Vajont, Papa: “Casa comune si sgretola per deliri onnipotenza uomo”

Il Pontefice riceve una rappresentanza della popolazione colpita dalla tragedia del 1963

Poco più di 60 anni fa, il 9 ottobre 1963, 260 milioni di metri cubi di roccia franarono dal Monte Toc nell’invaso della diga costruito a ridosso del torrente Vajont.

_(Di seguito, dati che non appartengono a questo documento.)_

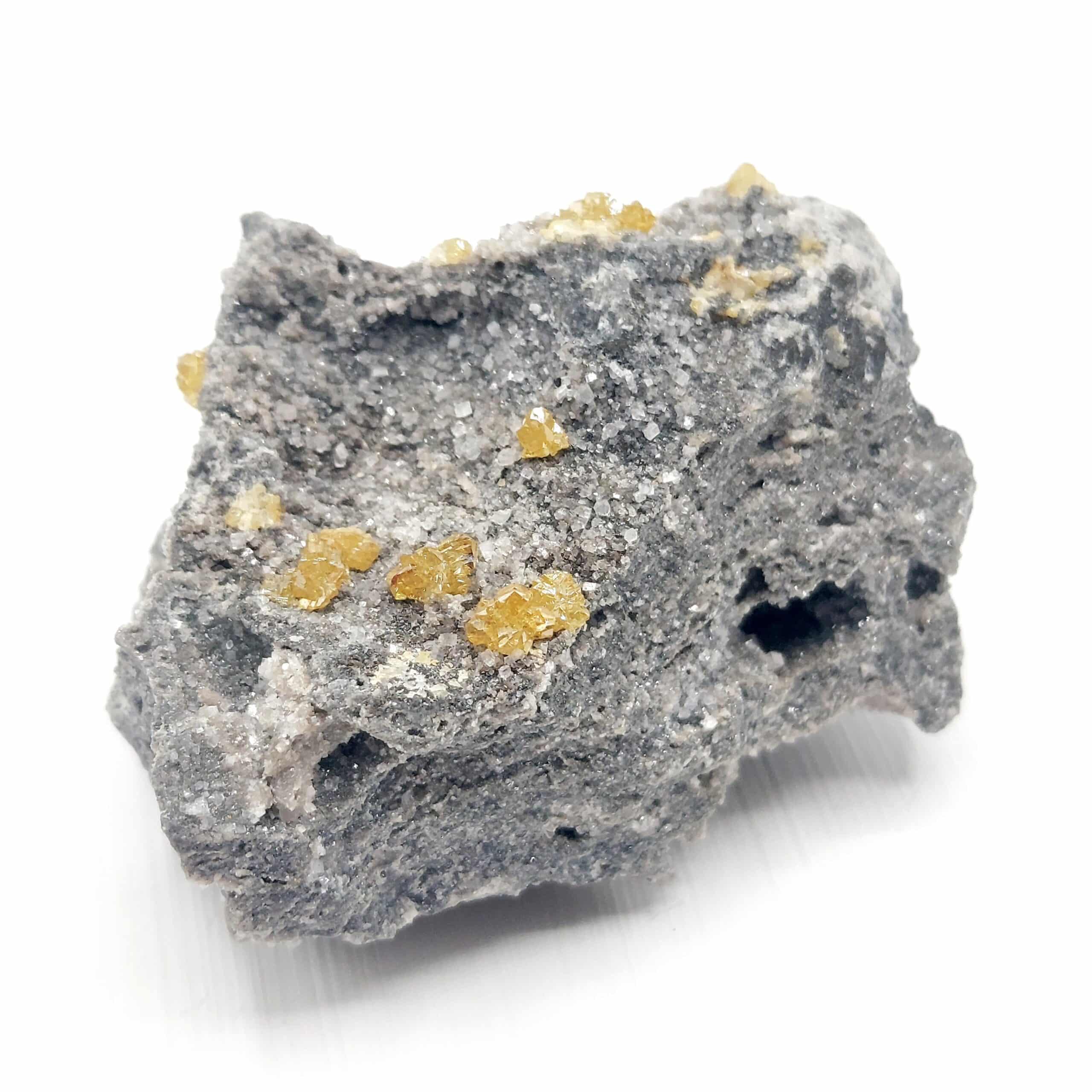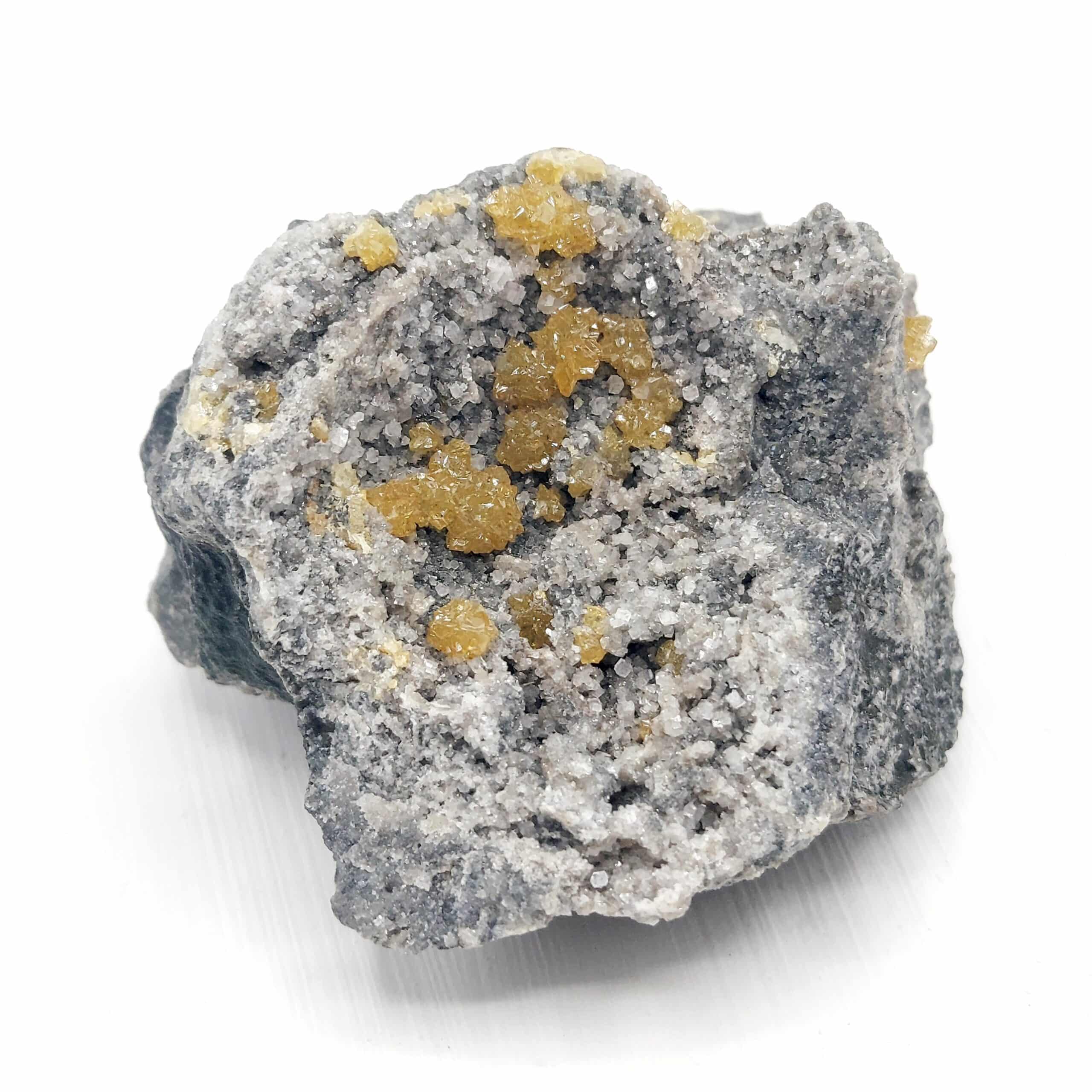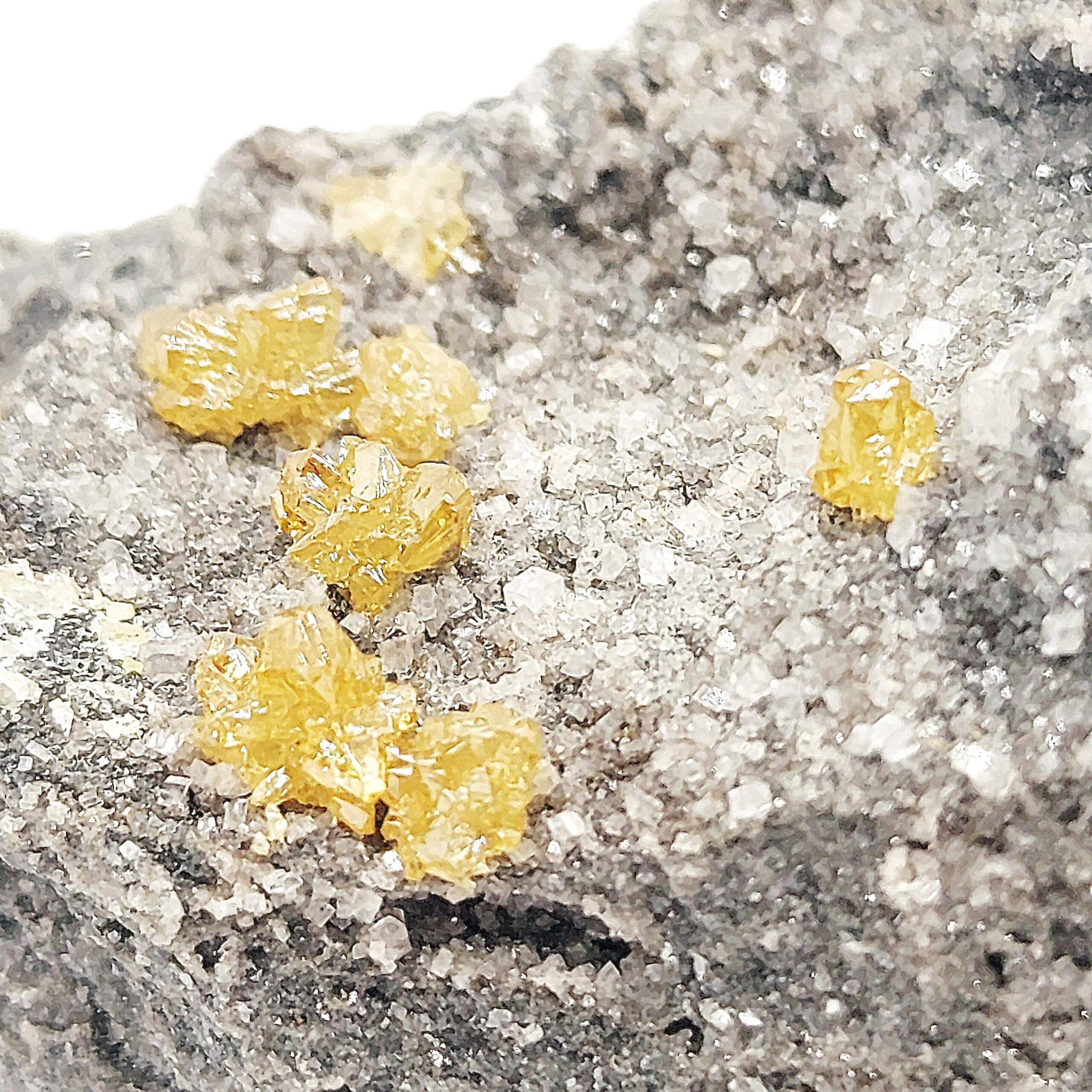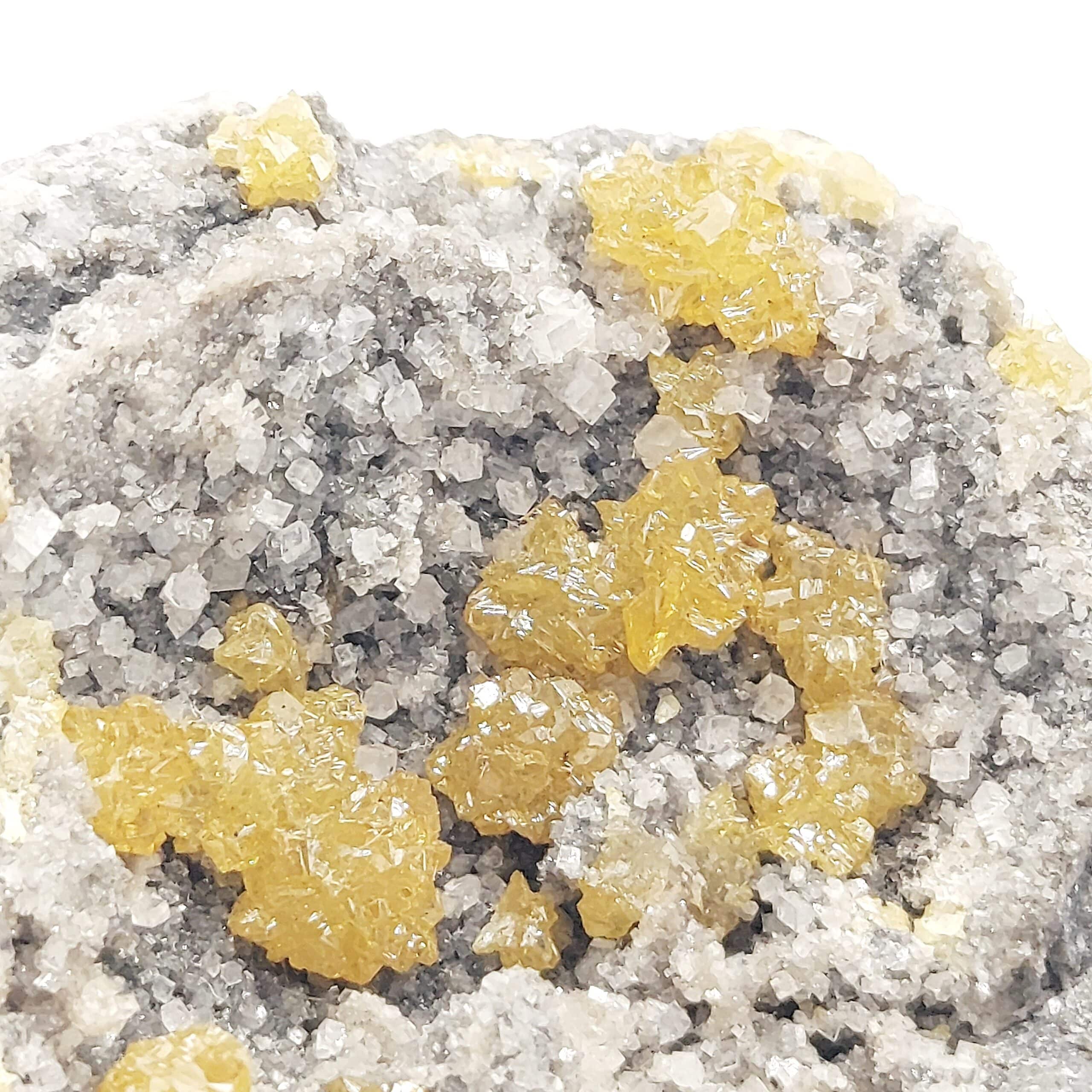 Cristaux de sphalérite jaune orangée transparents, gemme, en agrégats arrondis sur une matrice dolomitique contenant des cristaux scintillants. Spécimen de sphalérite de la Carrière Holcim, Lockport, comté de Niagara, New York, États-Unis.

Un’onda alta 70 metri oltrepassò la diga a 100 chilometri orari, spazzando via la località di Longarone e facendo in una sola notte 1.910 morti.

Vittime non di un errore di progettazione, ma dell'”avidità dell’uomo“, riflette Papa Francesco, ricevendo in udienza una rappresentanza della popolazione colpita da una delle tragedie più note della storia d’Italia. “Voi portate a Roma un pesantissimo carico di memoria e di sofferenza“, afferma, sottolineando come a quell’ondata di “annientamento e distruzione” la popolazione abbia risposto con il coraggio della memoria e della ricostruzione.

Pensando al disastro del Vajont, Bergoglio si confessa colpito da un aspetto: a causare la tragedia non furono sbagli di realizzazione della diga, ma il fatto stesso di voler costruire un bacino artificiale nel luogo sbagliato. Tutto per aver, denuncia, “anteposto la logica del guadagno alla cura dell’uomo e dell’ambiente in cui vive; così che, se la vostra ondata di speranza è mossa dalla fraternità, quell’ondata che portò disperazione era provocata dall’avidità. E l’avidità distrugge, mentre la fraternità costruisce“. La cura del creato, ripete il Pontefice, non è un fattore semplicemente ecologico, ma una “questione antropologica”: ha a che fare, spiega, “con la vita dell’uomo, così come il Creatore l’ha pensata e disposta, e riguarda il futuro di tutti, della società globale in cui siamo immersi”. Ancora oggi, la casa comune si sgretola e il motivo è sempre lo stesso: “L’avidità di profitto, un delirio di guadagno e di possesso che sembra far sentire l’uomo onnipotente”.

Ma è un grande inganno, avverte il Papa: “Perché siamo creature e la nostra natura ci chiede di muoverci nel mondo con rispetto e con cura, senza annullare, anzi custodendo il senso del limite, che non rappresenta una diminuzione, ma è possibilità di pienezza“.